Records from a dataset.
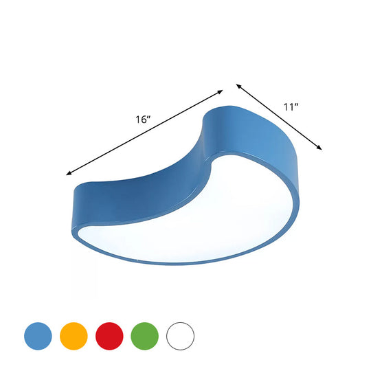 Semi-Moon Led Acrylic Flush Mount Ceiling Fixture For Kids’ Leisure Area - White/Red/Yellow Lighting
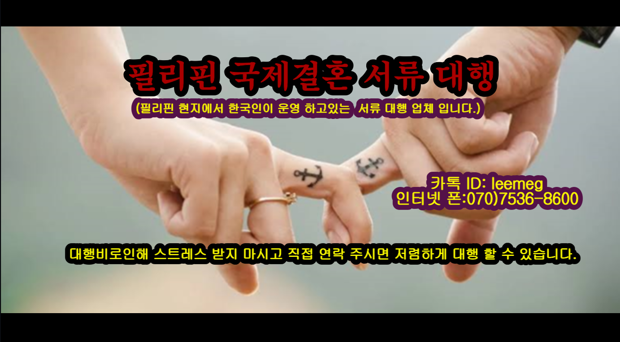 디테일한 중간 과정의 몇가지는 생략 하였습니다,(필리핀 PSA 혼인증명서 발급, 번역 후 한국에 혼인신고, 한국의 혼인관계 증명서와 가족관계 증명서 발급, 번역 공증 후 외무성 아포스티유, 한국 신랑의 여권 카피본과 필리핀에 출 입국한 사실 자료 )에 관련된 진행 과정에 대하여서는 생략 하였으니 디테일한 정보를 원하시면 070)7536-8600 으로 연락 주시면 자세히 안내 하여 드리겠습니다.
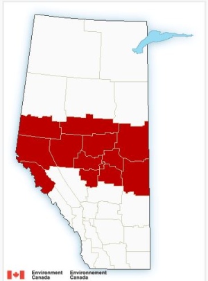 A warning from Environment Canada stretches from Hinton and Grande Prairie in the west, across to the Cold Lake region in the east.
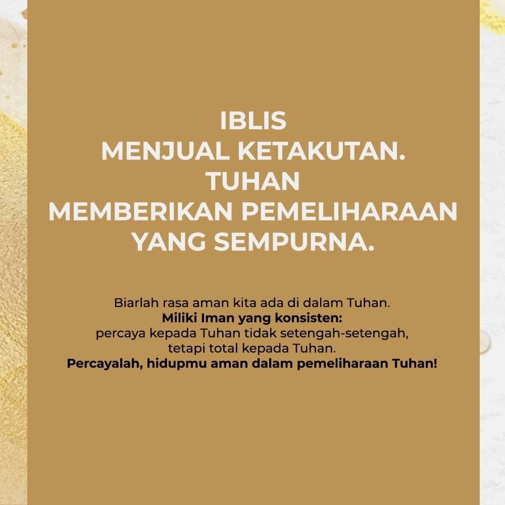 Hari-hari ini iblis sedang menjual ketakutan diantara anak Tuhan. Ketika mereka hidup dalam ketakutan, membeli produk berdasar rasa takut, bukan karena pengertian. Biarlah rasa aman kita ada di dalam Tuhan. Miliki Iman yang konsisten: percaya kepada Tuhan tidak setengah-setengah, tetapi total kepada Tuhan. Percaya bahwa hidupmu aman dalam pemeliharaan Tuhan.
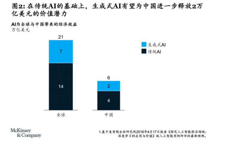 长期而言,AI对通信行业的拉动空间广阔。据麦肯锡报告,生成式AI有望为全球经济贡献约7万亿美元价值,并将AI整体经济效益提升约50%。其中,中国作为AI研发高地,预计将贡献约2万亿美元,接近全球总量的三分之一。
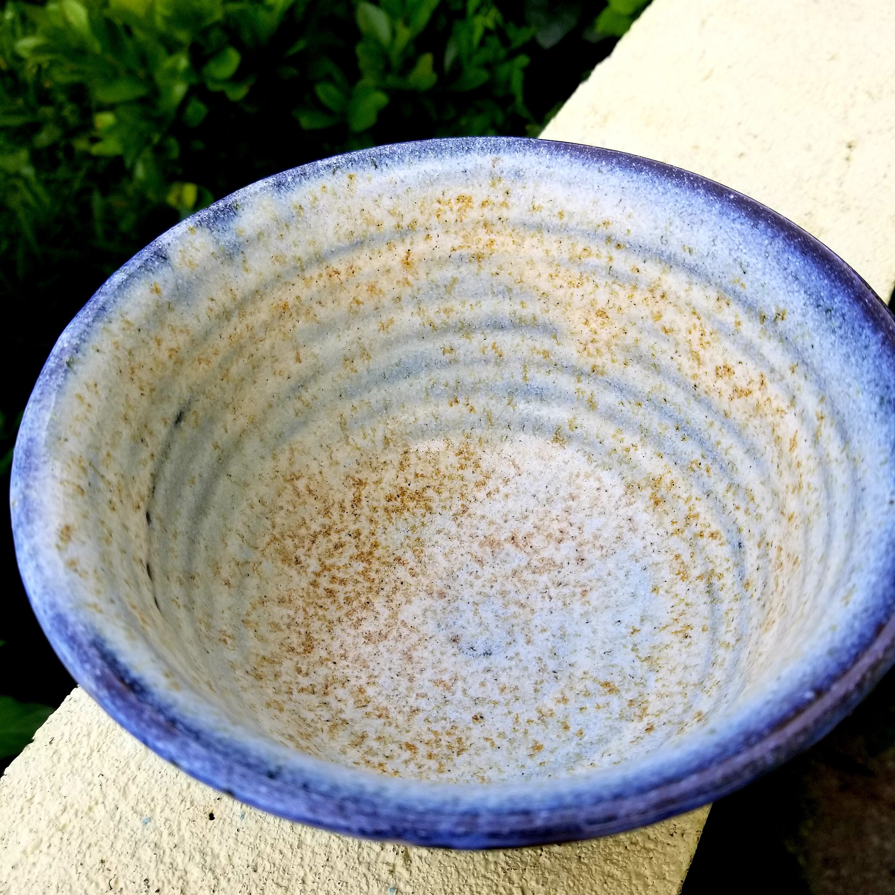 そばマカイ(丼)です 青い素地に大きなさかなを描きました。直接は約16センチ 高さは約9センチです。器の内側にはサトウキビ釉を施してあります 柔らかな白色です
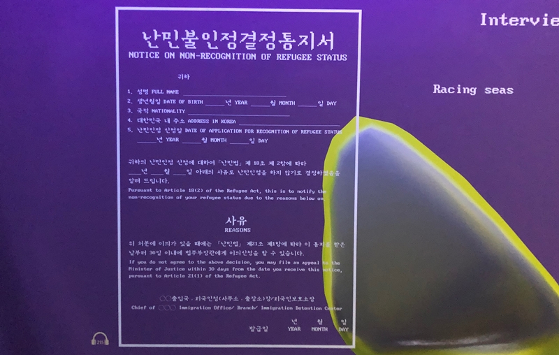 영상이 재생되고 있는 전시실의 벽면을 자세히 살펴보면 ‘활동범위 등 제한 통지서’, '출국기한 유예 허가 통지서’, ‘난민 불인정 결정통지서’ 등 낯설지만 동시에 익숙하게 느껴지는 서류 이미지들을 확인할 수 있습니다. 현대 사회에서는 서류 한 장으로 한 개인의 인생이 통째로 부정되기도, 혹은 받아들여지기도 합니다. 벽면을 바라보다 보면 데이터에 따라 인간의 이주나 거주가 결정되는 현대 사회의 특성이 기이하고 낯설게 느껴집니다. 한 개인의 인생이 문서화되고 데이터화 될 때, 그것의 이동과 폐기는 용이하게 됩니다. 그러나 정작 한 개인의 인생이 담고 있는 깊이 있는 이야기들은 쉬이 삭제되어 버리기도 합니다. <다공성 계곡 2: 트릭스터 플롯>과 벽면에 설치된 작품 <플롯 다이어그램>은 모든 것을 ‘데이터화’하는 현대 사회에 관한 무거운 비판을 가볍고 위트 있게 풀어냅니다.
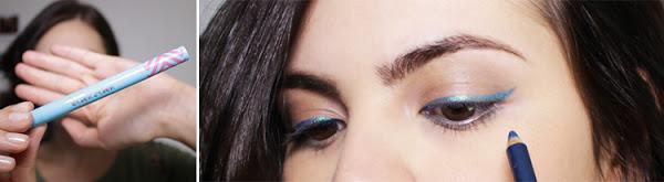 Continué con el delineador turquesa de Kiko primero, como mencionaba en el post del haul, hay que trabajarlo con mucho cuidado porque podría provocar un desastre, lee más aquí. Y para las líneas de agua (superior e inferior), usé un lápiz azul de la marca EGO en el Nº100 Deep blue.

WHAT TO PRODUCE. Leaving out all pictures, print exactly the lines above from the one containing "长期而言,AI对通信行业的拉" through the last line of the entries.

YOUR SOLUTION.
 长期而言,AI对通信行业的拉动空间广阔。据麦肯锡报告,生成式AI有望为全球经济贡献约7万亿美元价值,并将AI整体经济效益提升约50%。其中,中国作为AI研发高地,预计将贡献约2万亿美元,接近全球总量的三分之一。
 そばマカイ(丼)です 青い素地に大きなさかなを描きました。直接は約16センチ 高さは約9センチです。器の内側にはサトウキビ釉を施してあります 柔らかな白色です
 영상이 재생되고 있는 전시실의 벽면을 자세히 살펴보면 ‘활동범위 등 제한 통지서’, '출국기한 유예 허가 통지서’, ‘난민 불인정 결정통지서’ 등 낯설지만 동시에 익숙하게 느껴지는 서류 이미지들을 확인할 수 있습니다. 현대 사회에서는 서류 한 장으로 한 개인의 인생이 통째로 부정되기도, 혹은 받아들여지기도 합니다. 벽면을 바라보다 보면 데이터에 따라 인간의 이주나 거주가 결정되는 현대 사회의 특성이 기이하고 낯설게 느껴집니다. 한 개인의 인생이 문서화되고 데이터화 될 때, 그것의 이동과 폐기는 용이하게 됩니다. 그러나 정작 한 개인의 인생이 담고 있는 깊이 있는 이야기들은 쉬이 삭제되어 버리기도 합니다. <다공성 계곡 2: 트릭스터 플롯>과 벽면에 설치된 작품 <플롯 다이어그램>은 모든 것을 ‘데이터화’하는 현대 사회에 관한 무거운 비판을 가볍고 위트 있게 풀어냅니다.
 Continué con el delineador turquesa de Kiko primero, como mencionaba en el post del haul, hay que trabajarlo con mucho cuidado porque podría provocar un desastre, lee más aquí. Y para las líneas de agua (superior e inferior), usé un lápiz azul de la marca EGO en el Nº100 Deep blue.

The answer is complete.